▶ What to do
After the line containing "Transform your home", copy nothing more; up to and including it, copy every line of the listing exactly from the first, leaving out the pictures.

▶ Provided data
┄┄┄┄┄┄

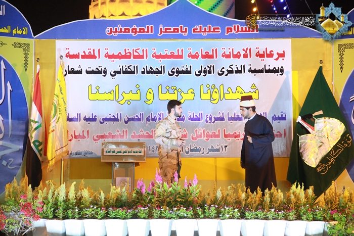 واختتم بتوزيع الشهادات التقديرية والهدايا على عوائل شهداء الحشد الشعبي المبارك . ورافقت تلك الفعاليات إقامة معرض للصور الفوتوغرافية بيّن دور العتبة الكاظمية المقدسة وجهودها المباركة ودعمها المتواصل لفتوى الجهاد الكفائي، وزياراتها الميدانية لسوح القتال والقطعات العسكرية وتوثيق الانتصارات، فضلاً عن زيارة لعوائل شهداء الحشد الشعبي والنازحين وتفقد أحوالهم.
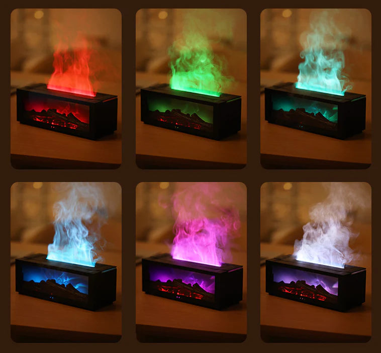 Transform your home into a tranquil sanctuary with this innovative humidifier that combines the warm glow of a flame and refreshing cool mist, providing a soothing atmosphere for relaxation and well-being.
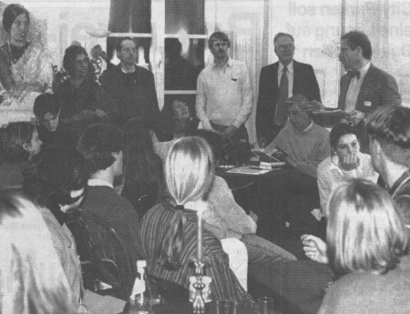 Den ganzen Tag über diskutierten die Jugendlichen mit den Gruppenleitern Dr. Arnold Ibing, Dr. Christian IIlies, Waltraud Kreft und Klaudius Gansczyk über Werte als Kernstück des neuen Denkens, über die Menschenpflichtserklärung von 25 Staatspräsidenten aus aller Welt. Auch bei Tisch gingen die Gespräche weiter, begleitet von leiser Musik des Trios "JAT" - Jan, Alex und Tim.
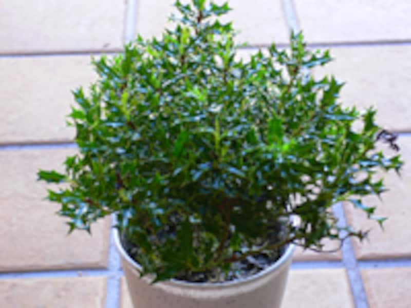 今回は、いかにも節分らしいヒイラギの代わりに、鉢植えのヒメヒイラギを使いました。ヒメヒイラギはとても小さくてかわいらしいミニツリー(でもしっかりトゲがあり鬼退治にぴったり。刺さると痛いので扱いにはご注意ください)。丈夫で育てやすく、節分後は寄せ植えなどにして長く楽しめます。300円程度と価格もお手頃です。

┄┄┄┄┄┄

▶ Task answer
 واختتم بتوزيع الشهادات التقديرية والهدايا على عوائل شهداء الحشد الشعبي المبارك . ورافقت تلك الفعاليات إقامة معرض للصور الفوتوغرافية بيّن دور العتبة الكاظمية المقدسة وجهودها المباركة ودعمها المتواصل لفتوى الجهاد الكفائي، وزياراتها الميدانية لسوح القتال والقطعات العسكرية وتوثيق الانتصارات، فضلاً عن زيارة لعوائل شهداء الحشد الشعبي والنازحين وتفقد أحوالهم.
 Transform your home into a tranquil sanctuary with this innovative humidifier that combines the warm glow of a flame and refreshing cool mist, providing a soothing atmosphere for relaxation and well-being.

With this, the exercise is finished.